*REQUIRED ACTION*: All lines in the records below from the line with "Using a 2,0mm-crochet" through the line with "Portret van muskusos in de sneeuw" are to be given again exactly, both ends included; the pictures are to be left out.

*DATA FOR THIS EXERCISE*:

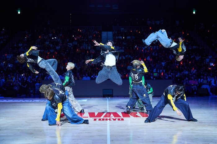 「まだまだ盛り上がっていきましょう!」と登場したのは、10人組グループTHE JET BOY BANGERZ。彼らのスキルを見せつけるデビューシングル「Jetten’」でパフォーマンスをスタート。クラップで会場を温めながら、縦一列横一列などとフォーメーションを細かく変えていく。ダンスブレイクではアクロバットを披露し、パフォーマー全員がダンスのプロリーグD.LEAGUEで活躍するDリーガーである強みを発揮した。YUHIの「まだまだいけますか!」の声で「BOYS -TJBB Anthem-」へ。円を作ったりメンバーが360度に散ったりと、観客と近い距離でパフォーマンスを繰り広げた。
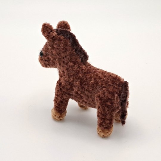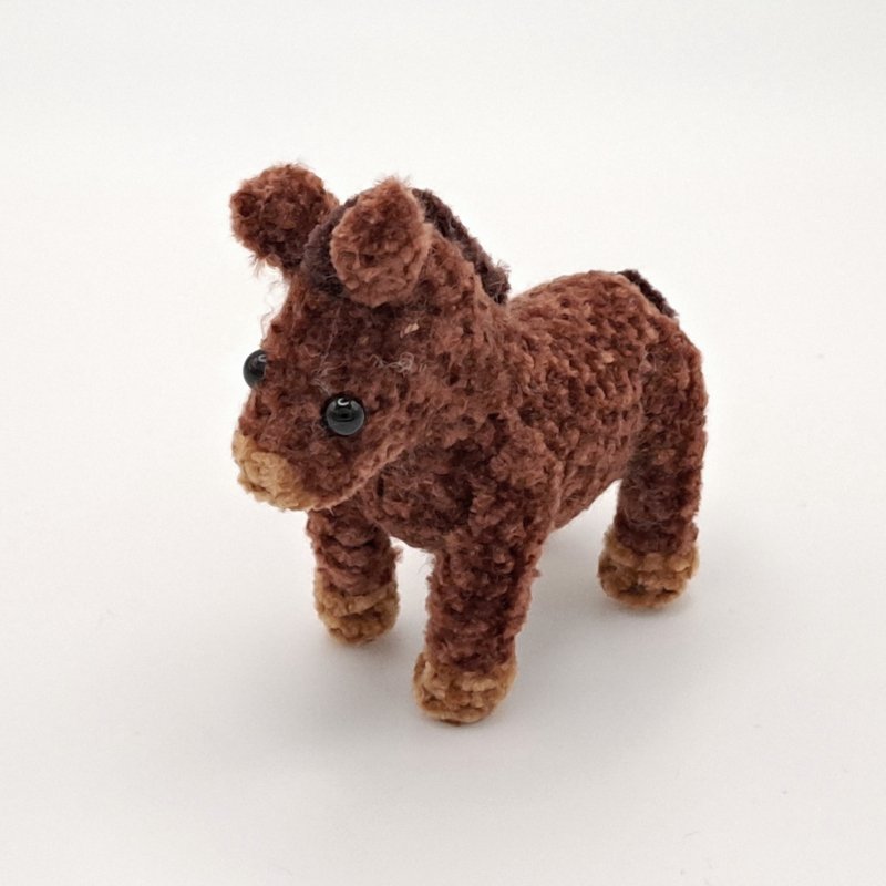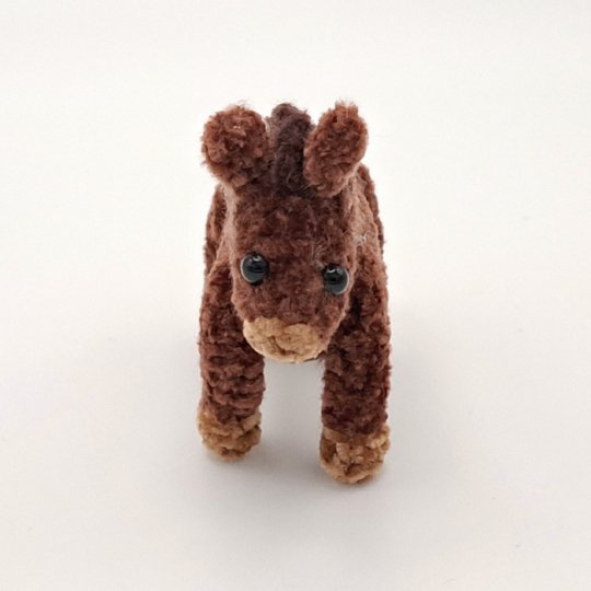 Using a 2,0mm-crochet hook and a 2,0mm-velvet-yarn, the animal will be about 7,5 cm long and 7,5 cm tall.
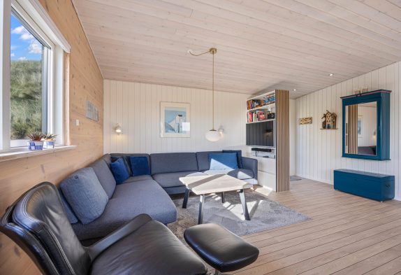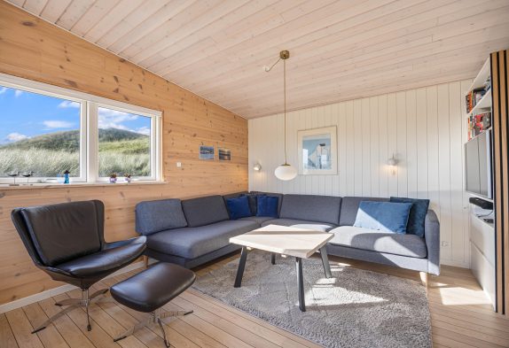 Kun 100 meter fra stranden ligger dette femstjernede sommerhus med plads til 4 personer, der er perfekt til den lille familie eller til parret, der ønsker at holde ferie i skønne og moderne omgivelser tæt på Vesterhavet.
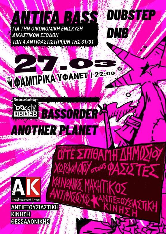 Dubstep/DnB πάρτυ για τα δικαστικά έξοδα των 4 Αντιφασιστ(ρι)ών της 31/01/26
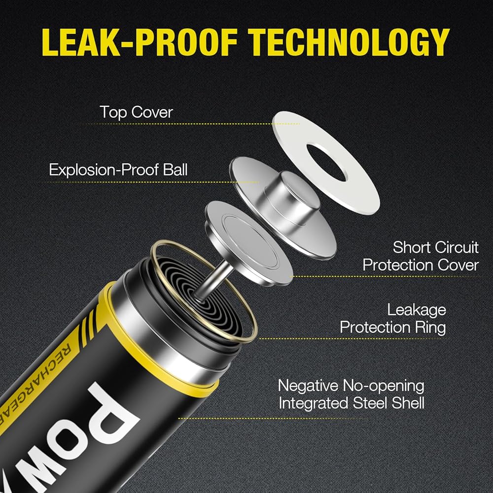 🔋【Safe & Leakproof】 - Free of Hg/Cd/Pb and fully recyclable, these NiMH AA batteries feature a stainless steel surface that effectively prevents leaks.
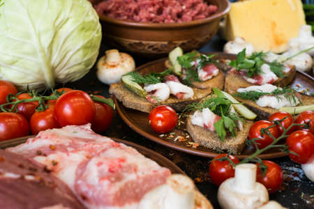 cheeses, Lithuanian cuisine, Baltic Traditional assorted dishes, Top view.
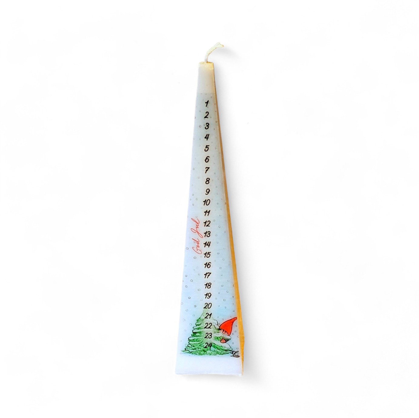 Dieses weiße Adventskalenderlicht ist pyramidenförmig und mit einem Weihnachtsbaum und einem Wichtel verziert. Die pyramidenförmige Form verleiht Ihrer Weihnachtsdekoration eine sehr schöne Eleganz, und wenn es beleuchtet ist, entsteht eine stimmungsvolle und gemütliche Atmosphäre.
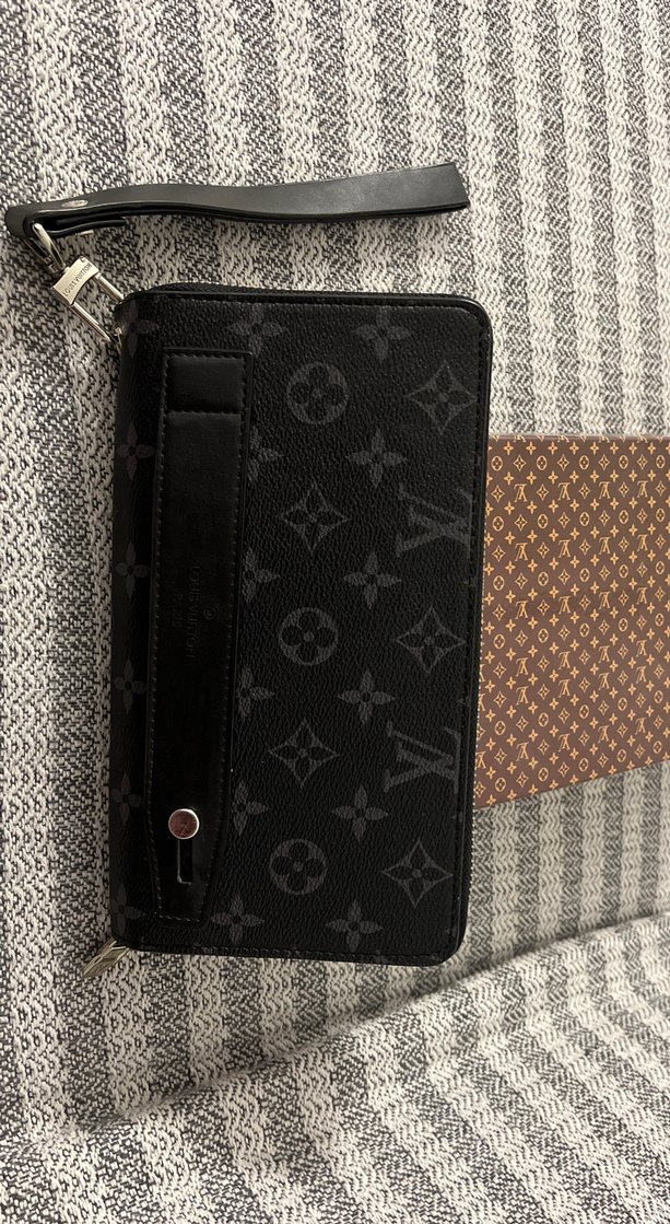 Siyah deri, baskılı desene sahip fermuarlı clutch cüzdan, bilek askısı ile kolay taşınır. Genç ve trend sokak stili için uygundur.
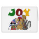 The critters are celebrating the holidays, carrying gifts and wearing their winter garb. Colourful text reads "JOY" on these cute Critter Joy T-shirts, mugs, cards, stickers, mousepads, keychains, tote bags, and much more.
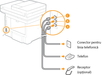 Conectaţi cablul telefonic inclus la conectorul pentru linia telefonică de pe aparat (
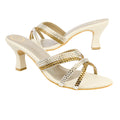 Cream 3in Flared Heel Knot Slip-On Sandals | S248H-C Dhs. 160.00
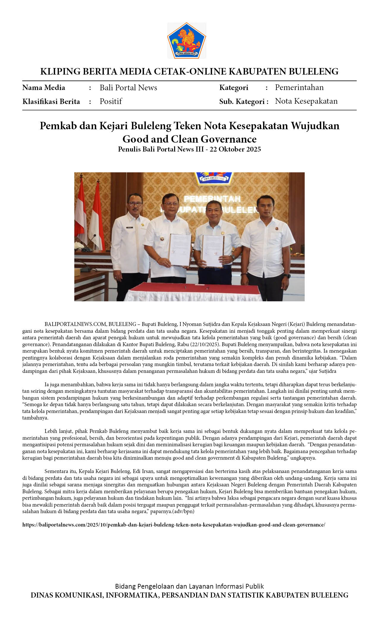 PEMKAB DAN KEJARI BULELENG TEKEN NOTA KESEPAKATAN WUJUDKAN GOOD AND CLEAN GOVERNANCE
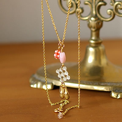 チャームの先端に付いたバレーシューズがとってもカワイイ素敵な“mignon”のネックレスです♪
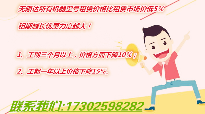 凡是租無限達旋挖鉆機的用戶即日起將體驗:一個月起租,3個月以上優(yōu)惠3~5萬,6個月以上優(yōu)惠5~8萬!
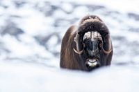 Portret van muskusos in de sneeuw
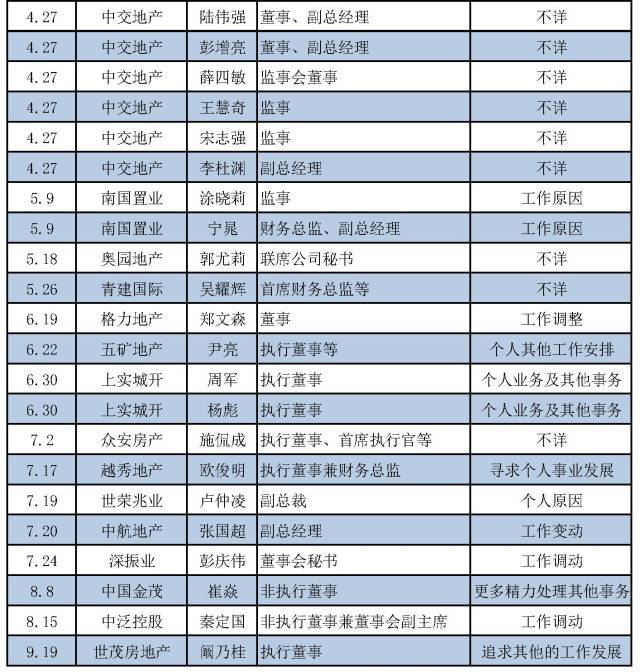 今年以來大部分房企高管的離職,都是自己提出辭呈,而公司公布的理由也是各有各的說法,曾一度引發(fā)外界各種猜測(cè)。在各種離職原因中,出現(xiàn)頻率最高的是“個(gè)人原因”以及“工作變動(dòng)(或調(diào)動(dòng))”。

*ANSWER SECTION*:
 Using a 2,0mm-crochet hook and a 2,0mm-velvet-yarn, the animal will be about 7,5 cm long and 7,5 cm tall.
 Kun 100 meter fra stranden ligger dette femstjernede sommerhus med plads til 4 personer, der er perfekt til den lille familie eller til parret, der ønsker at holde ferie i skønne og moderne omgivelser tæt på Vesterhavet.
 Dubstep/DnB πάρτυ για τα δικαστικά έξοδα των 4 Αντιφασιστ(ρι)ών της 31/01/26
 🔋【Safe & Leakproof】 - Free of Hg/Cd/Pb and fully recyclable, these NiMH AA batteries feature a stainless steel surface that effectively prevents leaks.
 cheeses, Lithuanian cuisine, Baltic Traditional assorted dishes, Top view.
 Dieses weiße Adventskalenderlicht ist pyramidenförmig und mit einem Weihnachtsbaum und einem Wichtel verziert. Die pyramidenförmige Form verleiht Ihrer Weihnachtsdekoration eine sehr schöne Eleganz, und wenn es beleuchtet ist, entsteht eine stimmungsvolle und gemütliche Atmosphäre.
 Siyah deri, baskılı desene sahip fermuarlı clutch cüzdan, bilek askısı ile kolay taşınır. Genç ve trend sokak stili için uygundur.
 The critters are celebrating the holidays, carrying gifts and wearing their winter garb. Colourful text reads "JOY" on these cute Critter Joy T-shirts, mugs, cards, stickers, mousepads, keychains, tote bags, and much more.
 Conectaţi cablul telefonic inclus la conectorul pentru linia telefonică de pe aparat (
 Cream 3in Flared Heel Knot Slip-On Sandals | S248H-C Dhs. 160.00
 PEMKAB DAN KEJARI BULELENG TEKEN NOTA KESEPAKATAN WUJUDKAN GOOD AND CLEAN GOVERNANCE
 チャームの先端に付いたバレーシューズがとってもカワイイ素敵な“mignon”のネックレスです♪
 凡是租無限達旋挖鉆機的用戶即日起將體驗:一個月起租,3個月以上優(yōu)惠3~5萬,6個月以上優(yōu)惠5~8萬!
 Portret van muskusos in de sneeuw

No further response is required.